## Data extract
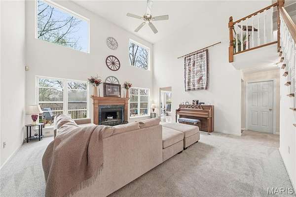 Step inside through the welcoming foyer and take in the breathtaking views offered by floor-length windows that wrap the cozy woodburning fireplace in the great room. The soaring two story ceiling adds an impressive sense of space and grandeur. Just off the entry, you’ll find a versatile room ideal for a home office or sitting area, along with a formal dining room featuring crown molding and double windows.
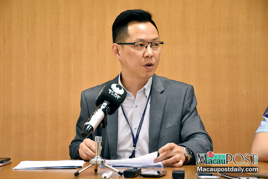 Judiciary Police (PJ) Ho Chan Nam speaks during yesterday’s press briefing at the Public Security Police (PSP) headquarters in Zape. Photo: Leong Lok Ian
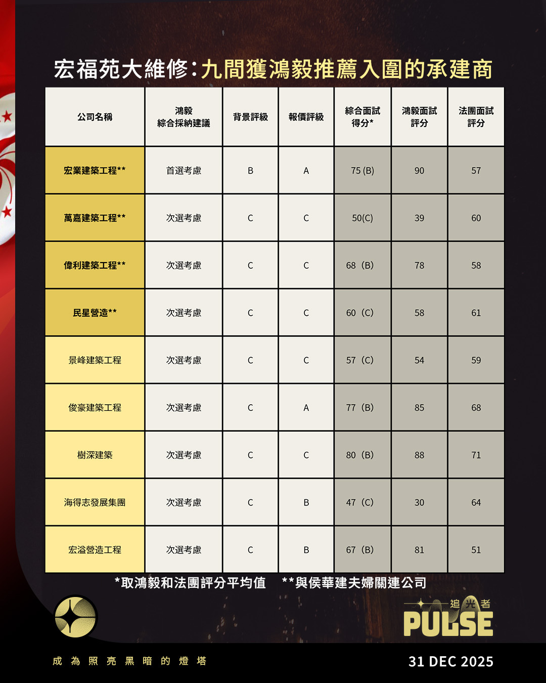 宏福苑大火.調查報道|宏業涉圍標證據曝光   九承建商獲薦入圍天價維修   揭四間與侯華建夫婦關係緊密

## Task requirements
The data above must be written out again without alteration, and the pictures in them must be excluded.

## Exercise result
 Step inside through the welcoming foyer and take in the breathtaking views offered by floor-length windows that wrap the cozy woodburning fireplace in the great room. The soaring two story ceiling adds an impressive sense of space and grandeur. Just off the entry, you’ll find a versatile room ideal for a home office or sitting area, along with a formal dining room featuring crown molding and double windows.
 Judiciary Police (PJ) Ho Chan Nam speaks during yesterday’s press briefing at the Public Security Police (PSP) headquarters in Zape. Photo: Leong Lok Ian
 宏福苑大火.調查報道|宏業涉圍標證據曝光   九承建商獲薦入圍天價維修   揭四間與侯華建夫婦關係緊密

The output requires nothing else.